EXCERPTED RECORDS:
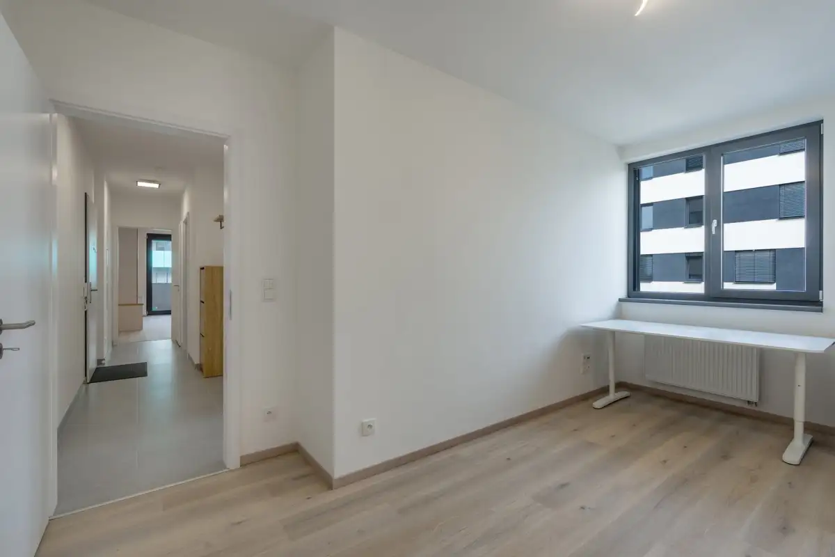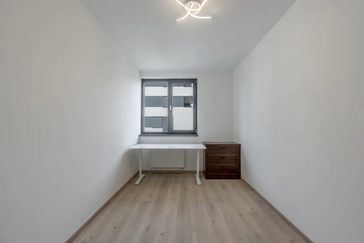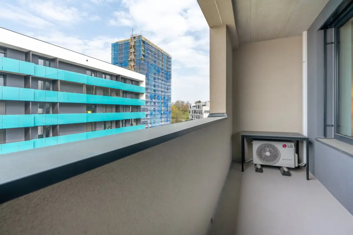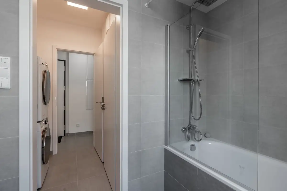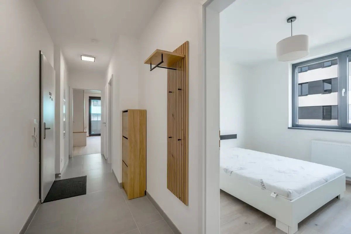 Dispozice zahrnují prostornou obývací místnost s moderním kuchyňským koutem na míru, ložnici, pracovnu či dětský pokoj, vstupní chodbu, koupelnu s vanou, oddělenou toaletu a technickou místnost s pračkou a sušičkou značky LG.
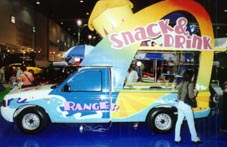 for example), but amazingly some were very sparse. Ford stuck a few store dummies in swim suits on their stand, an American F150 step-side pick-up and a locally produced
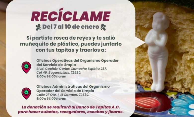 Estas figuras pueden ser recicladas, al igual que las taparroscas de las botellas de plástico, las cuales pueden llevarse a las direcciones del Organismo, ubicadas en Blvd. Valsequillo 237, San Baltazar Campeche (junto a Bomberos Valsequillo) y Calle 27 Ote. 1, El Carmen, 72530, donde serán concentrados para su donación al Banco de Tapitas A.C.
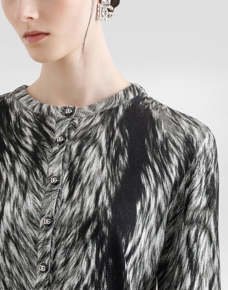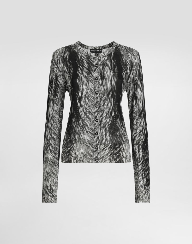 Fur-print Silk Cardigan
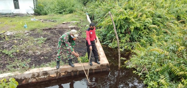 Kubu Raya – Kebakaran hutan dan lahan (Karhutla) dapat menyebabkan kerusakan pada harta benda dan kehidupan manusia, serta kerusakan pada ekosistem tumbuhan maupun hewan. Salah satu anggota satgas TMMD ke-111 Kodim 1207/Pontianak Sertu Komang melaksanakan patroli bersama Manggala Agni di Dusun Pelita Jaya, Desa Kuala Mandor B, Kecamatan Kuala Mandor B, Kabupaten Kubu Raya, Selasa (22/06/2021).
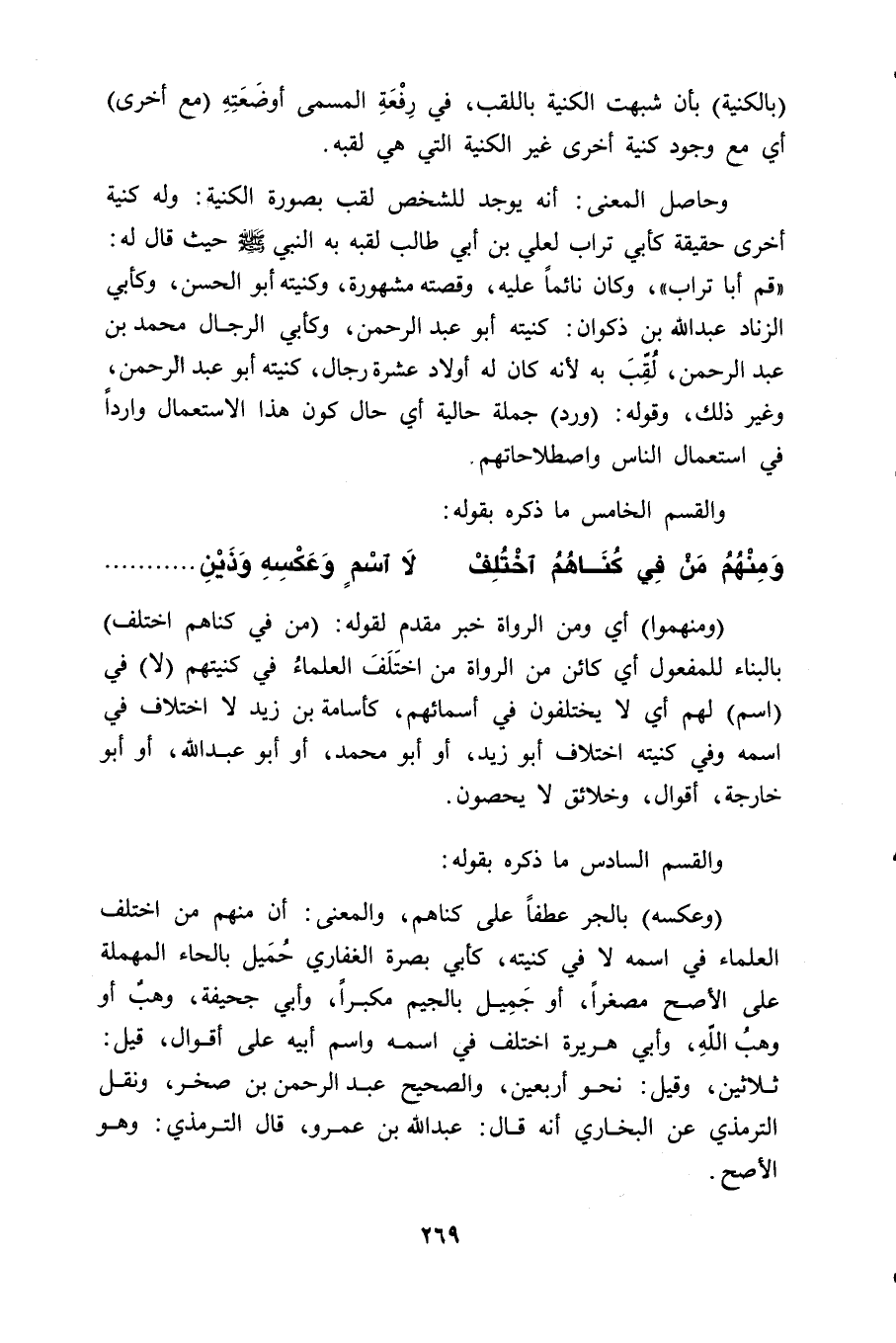(ومنهموا) أي ومن الرواة خبر مقدم لقوله: (من في كناهم اختلف) بالبناء للمفعول أي كائن من الرواة من اختَلَفَ العلماءُ في كنيتهم (لا) في (اسم) لهم أي لا يختلفون في أسمائهم، كأسامة بن زيد لا اختلاف في اسمه وفي كنيته اختلاف أبو زيد، أو أبو محمد، أو أبو عبد الله، أو أبو خارجة، أقوال، وخلائق لا يحصون.

TASK TO CARRY OUT: Everything above from the line with "for example), but" through the line with "Fur-print Silk Cardigan" should be retyped exactly, and nothing else; omit pictures.

OUTPUT BELOW:
 for example), but amazingly some were very sparse. Ford stuck a few store dummies in swim suits on their stand, an American F150 step-side pick-up and a locally produced
 Estas figuras pueden ser recicladas, al igual que las taparroscas de las botellas de plástico, las cuales pueden llevarse a las direcciones del Organismo, ubicadas en Blvd. Valsequillo 237, San Baltazar Campeche (junto a Bomberos Valsequillo) y Calle 27 Ote. 1, El Carmen, 72530, donde serán concentrados para su donación al Banco de Tapitas A.C.
 Fur-print Silk Cardigan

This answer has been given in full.